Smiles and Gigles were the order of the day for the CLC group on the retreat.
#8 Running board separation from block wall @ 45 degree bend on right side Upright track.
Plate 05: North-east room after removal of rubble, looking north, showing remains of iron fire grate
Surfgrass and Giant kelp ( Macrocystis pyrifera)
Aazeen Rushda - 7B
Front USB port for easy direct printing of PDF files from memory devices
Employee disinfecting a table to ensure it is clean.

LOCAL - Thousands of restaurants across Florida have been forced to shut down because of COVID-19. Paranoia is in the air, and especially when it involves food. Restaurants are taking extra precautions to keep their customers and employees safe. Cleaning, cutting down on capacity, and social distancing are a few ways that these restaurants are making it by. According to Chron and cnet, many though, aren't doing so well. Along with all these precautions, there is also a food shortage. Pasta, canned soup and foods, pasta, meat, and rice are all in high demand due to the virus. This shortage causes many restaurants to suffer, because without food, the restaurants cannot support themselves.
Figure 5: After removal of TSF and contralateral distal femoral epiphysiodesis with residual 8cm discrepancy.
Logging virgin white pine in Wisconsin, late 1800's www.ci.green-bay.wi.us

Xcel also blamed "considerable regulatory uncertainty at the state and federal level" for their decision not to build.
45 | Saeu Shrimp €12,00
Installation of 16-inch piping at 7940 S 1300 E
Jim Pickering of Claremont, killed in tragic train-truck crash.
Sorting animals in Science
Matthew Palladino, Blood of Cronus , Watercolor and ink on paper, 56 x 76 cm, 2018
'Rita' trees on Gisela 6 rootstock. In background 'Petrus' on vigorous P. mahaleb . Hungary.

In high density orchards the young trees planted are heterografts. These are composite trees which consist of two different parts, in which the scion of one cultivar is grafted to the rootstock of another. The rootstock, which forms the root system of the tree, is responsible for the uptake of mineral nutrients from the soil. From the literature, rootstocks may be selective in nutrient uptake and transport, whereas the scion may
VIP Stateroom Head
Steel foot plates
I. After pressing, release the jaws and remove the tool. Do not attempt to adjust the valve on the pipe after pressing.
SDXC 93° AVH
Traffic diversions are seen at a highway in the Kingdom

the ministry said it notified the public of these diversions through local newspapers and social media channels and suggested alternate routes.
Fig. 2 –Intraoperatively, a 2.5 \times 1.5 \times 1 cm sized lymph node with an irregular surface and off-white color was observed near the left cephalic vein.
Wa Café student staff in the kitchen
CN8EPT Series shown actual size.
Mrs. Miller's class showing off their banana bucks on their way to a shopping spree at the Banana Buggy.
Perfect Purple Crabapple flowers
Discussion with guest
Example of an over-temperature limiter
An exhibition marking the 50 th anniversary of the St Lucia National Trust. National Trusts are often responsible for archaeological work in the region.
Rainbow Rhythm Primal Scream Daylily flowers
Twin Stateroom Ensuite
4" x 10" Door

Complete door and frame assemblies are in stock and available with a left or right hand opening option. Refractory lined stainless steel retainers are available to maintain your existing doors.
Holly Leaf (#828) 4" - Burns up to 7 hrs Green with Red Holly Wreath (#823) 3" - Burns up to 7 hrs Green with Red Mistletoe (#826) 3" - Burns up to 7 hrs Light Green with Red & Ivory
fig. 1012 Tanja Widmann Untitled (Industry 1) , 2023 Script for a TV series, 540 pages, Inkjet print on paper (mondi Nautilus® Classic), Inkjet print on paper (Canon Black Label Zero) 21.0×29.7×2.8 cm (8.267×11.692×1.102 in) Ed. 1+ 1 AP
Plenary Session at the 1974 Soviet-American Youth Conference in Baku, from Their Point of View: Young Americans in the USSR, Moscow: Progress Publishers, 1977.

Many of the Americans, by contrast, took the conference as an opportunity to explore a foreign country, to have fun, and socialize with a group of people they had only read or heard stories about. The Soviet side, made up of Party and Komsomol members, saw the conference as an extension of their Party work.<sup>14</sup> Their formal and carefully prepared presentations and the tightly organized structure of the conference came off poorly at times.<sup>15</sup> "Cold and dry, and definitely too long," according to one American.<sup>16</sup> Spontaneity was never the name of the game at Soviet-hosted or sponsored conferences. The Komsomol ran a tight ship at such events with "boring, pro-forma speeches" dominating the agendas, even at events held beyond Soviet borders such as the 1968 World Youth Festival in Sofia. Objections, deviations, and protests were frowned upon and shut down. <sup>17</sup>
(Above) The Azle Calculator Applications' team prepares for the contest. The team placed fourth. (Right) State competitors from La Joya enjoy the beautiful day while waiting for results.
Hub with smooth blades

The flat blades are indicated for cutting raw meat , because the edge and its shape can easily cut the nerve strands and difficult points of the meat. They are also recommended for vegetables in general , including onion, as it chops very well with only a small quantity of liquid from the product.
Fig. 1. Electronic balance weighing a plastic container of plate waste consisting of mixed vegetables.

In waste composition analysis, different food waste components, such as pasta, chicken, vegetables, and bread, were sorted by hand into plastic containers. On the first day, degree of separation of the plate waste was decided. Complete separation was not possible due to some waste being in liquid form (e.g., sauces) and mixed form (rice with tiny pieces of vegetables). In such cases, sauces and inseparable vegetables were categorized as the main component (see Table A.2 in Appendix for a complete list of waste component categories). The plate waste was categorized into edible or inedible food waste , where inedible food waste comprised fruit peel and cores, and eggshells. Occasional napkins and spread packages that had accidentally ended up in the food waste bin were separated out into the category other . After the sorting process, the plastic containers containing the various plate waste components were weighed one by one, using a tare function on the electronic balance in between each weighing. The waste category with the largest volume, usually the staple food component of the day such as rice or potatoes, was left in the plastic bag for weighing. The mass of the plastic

**Try it:** Exactly the lines above from the one with "Surfgrass and Giant" to the one with "Employee disinfecting a", both included, are to be quoted; leave the rest out.

**Exercise output:**
Surfgrass and Giant kelp ( Macrocystis pyrifera)
Aazeen Rushda - 7B
Front USB port for easy direct printing of PDF files from memory devices
Employee disinfecting a table to ensure it is clean.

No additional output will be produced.